Well, it finally happened. I have suffered a defeat in the kitchen. Although if I’m honest, it took much longer than expected. I fully believed I would fail from day one, so to have made it this far before this happened is a victory in itself. And thank God for that! I know myself, and if I hadn’t bolstered my confidence with all my previous success, I would be an angry hot mess right now. I would send the family away to find dinner, slam around cleaning while shouting some explicit phrases at EVERY SINGLE (insert choice word) PAN, and go to bed seething and starving. Luckily, that didn’t have to happen this time. I mean, I have spent years learning not to be a sore loser, but when it comes to the kitchen, all bets are off.
So let me break it down for you. I decided to attempt sweet potato and black bean taquitos with a side of mexican seasoned rice. The recipe in itself didn’t seem too complicated, and I thought I could just cook up some rice and season it myself to pair with the taquitos. That should have been my first indication that things were amiss, me thinking I could fly solo on something. I missed the sign though, and so started in on prepping the taquitos. It was a battle from the get go. You see, sweet potatoes are kind of hard to peel and dice. At least, the two monster size ones I had picked out were. I wasn’t prepared for it, and it set the tone for the rest of the evening.

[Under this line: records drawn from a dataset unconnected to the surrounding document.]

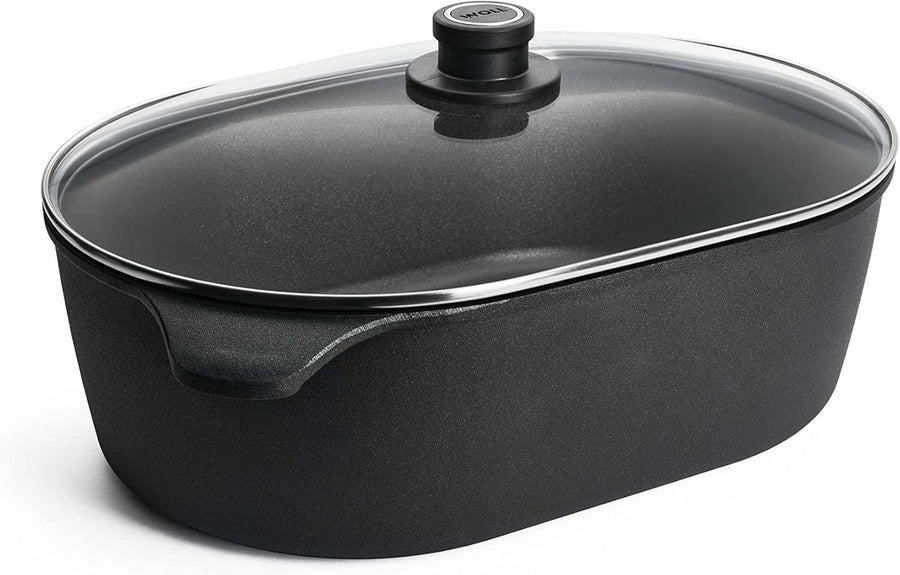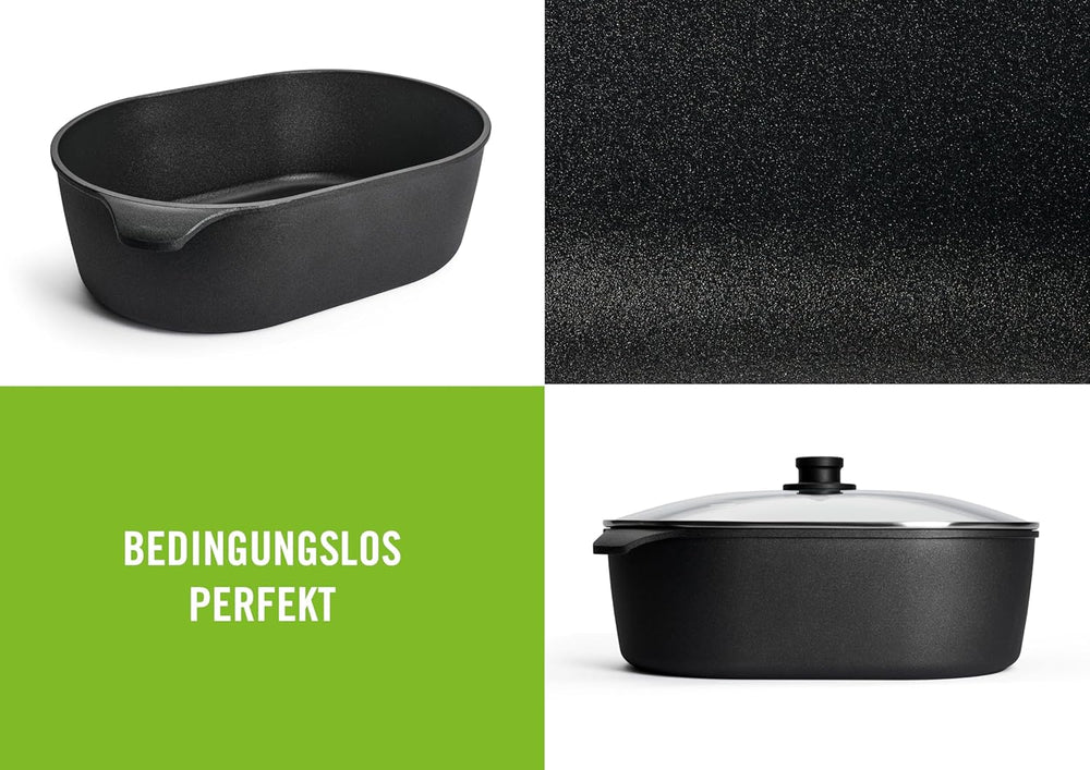 Woll Iron Bräter mit Deckel und Silikongriffen - Induktiv -, 34 x 26 cm, 12,5 cm hoch, 7,5l - Geeign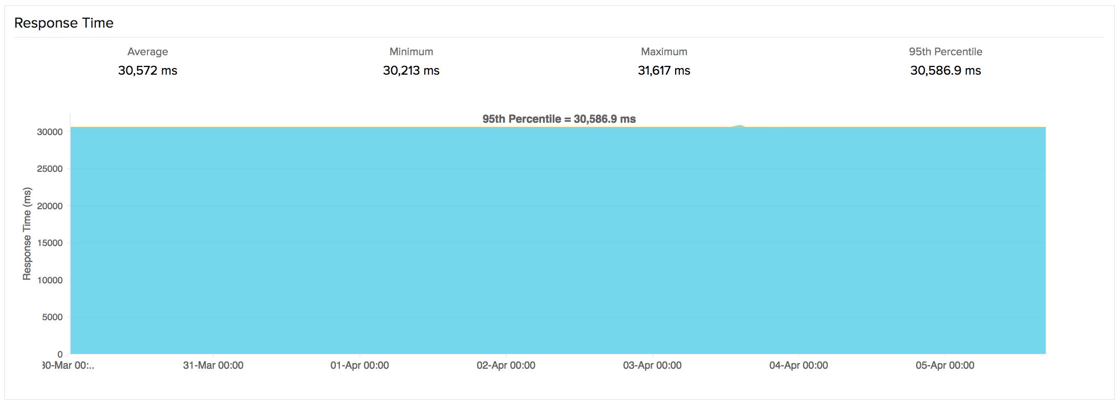 响应时间表示连接到 TCP/IP 端口所需的总时间。该图是通过绘制时间段与响应时间的关系来计算的。图表中的波峰和波谷可让您全面了解服务性能。平均值/第 95 个百分位值取决于为报告选择的时间范围。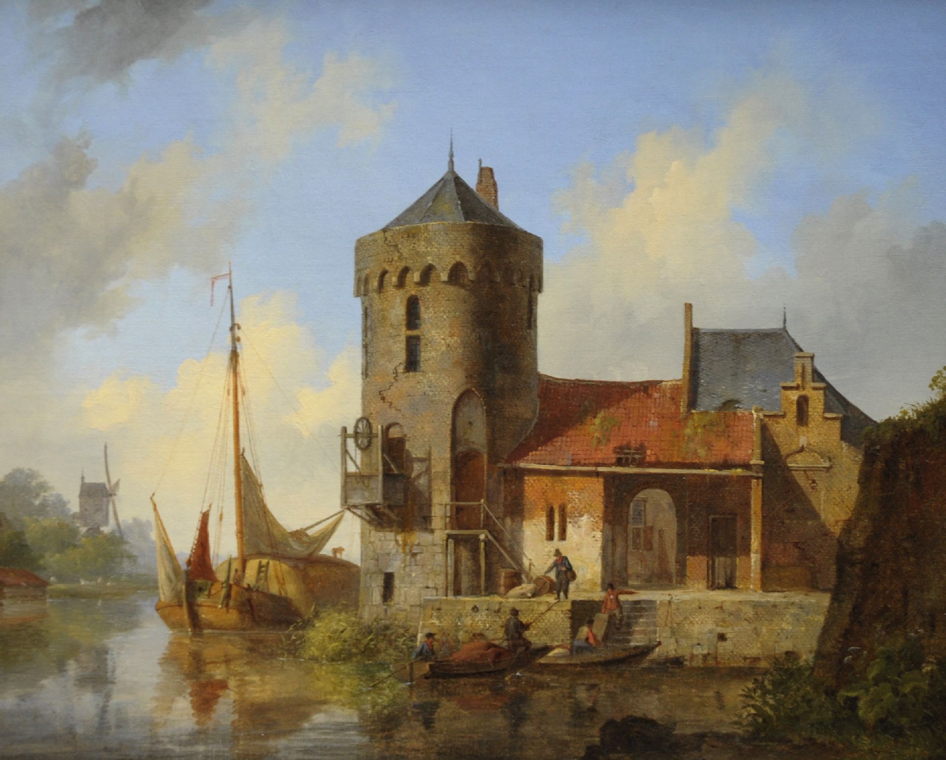 Cornelis Springer kunstwerk • schilderij • voorheen te koop Afgemeerde hooischuit aan de stadsrand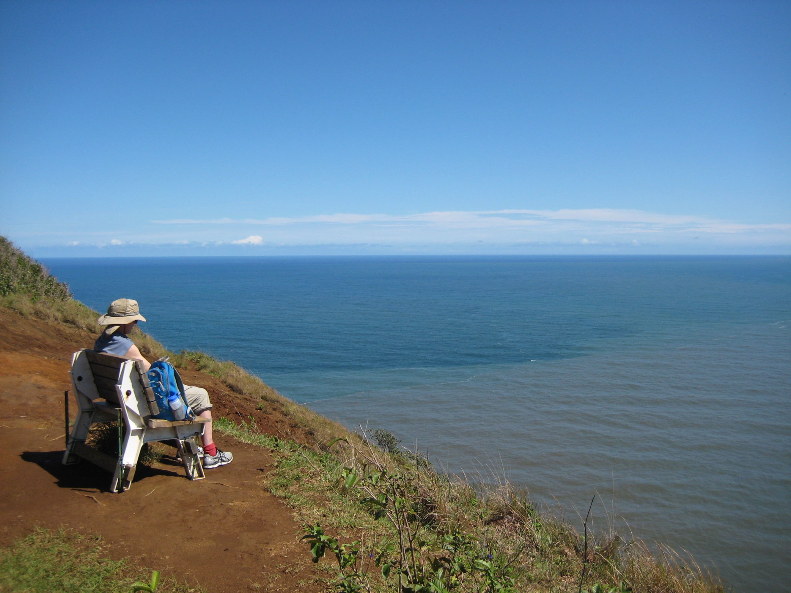 After a mile or so of uphill we reach the edge of the precipice going down into the next valley. There are a couple of benches, and a nice view of the rugged beach.
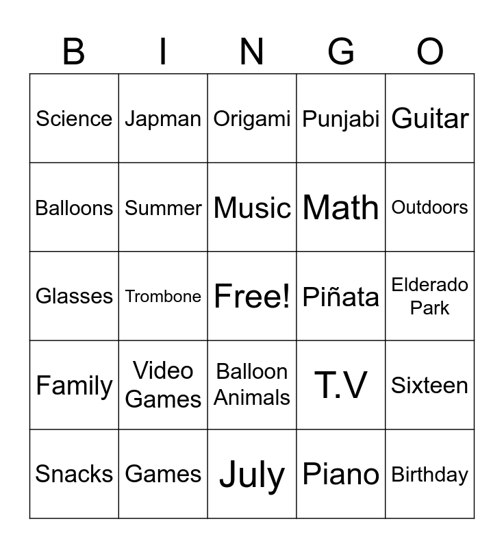 This bingo card has a free space and 42 words: Minecraft, Music, Trumpet, Video Games, Piano, Sixteen, Birthday, Cake, Origami, Balloon Animals, Elderado Park, Outdoors, Trombone, Guitar, Lightning McQueen, T.V, Youtube, Glasses, Teenager, Japman, Balloons, River, Trees, Science, Space, Dinosaurs, Math, Question, Creativity, Decorations, Party, Family, Summer, July, Years, Snacks, Games, Piñata, Student, Mario Kart, Punjabi and Boy.

I finally got them all cubed up and the beans rinsed and drained, only to realize that I didn’t have the corn the recipe called for. “Small hiccup,” I thought. “I’m sure they will be fine without it.” I continued on with the cheese and seasonings, got the filling all mixed, and lay out my pan to start rolling. By this point, the prep has taken me twice as long as expected (why can’t I learn that those little numbers on recipes lie?!), the kids are screaming, and I don’t even want to eat dinner. But I soldiered on, hastily rolling the taquitos and popping them in the oven. I then got to work on the rice.
It’s well known that rice can be finicky. I have cooked real rice, meaning not pre-seasoned instant rice, only one time before today. For this reason I should not have been as confident as I was. Instead, I chose to make not one but two cups of rice, thinking it would be so good we would all want seconds. I was wrong. I messed up the cooking, did not add anywhere near enough seasoning, and then tried to fix the disaster by adding cheese to make it “cheesy mexican rice.” I didn’t even want to try a bite, but I forced myself to. It wasn’t edible. AT ALL. It was a mushy disgusting mess. The two toddlers would not even touch this stuff.
So our dinner consisted of slightly bland taquitos and nothing else. I managed to mess those up too by not following the recipe closely enough. I thought I could just season them myself instead of taking the time to measure everything out. Again, I was wrong. They were at least edible though, and I think the recipe is a keeper if I were to follow it to the letter. Although after my defeat today, I’m sure it will be a while before I can bring myself to try them again.
Today marked the official end of my winning-at-life streak. I’m hoping things simply go back to normal. That I just return to being unlucky and carry on my merry way. That the universe does not exact karmic revenge for my winning times to balance things out. I’ll keep you posted.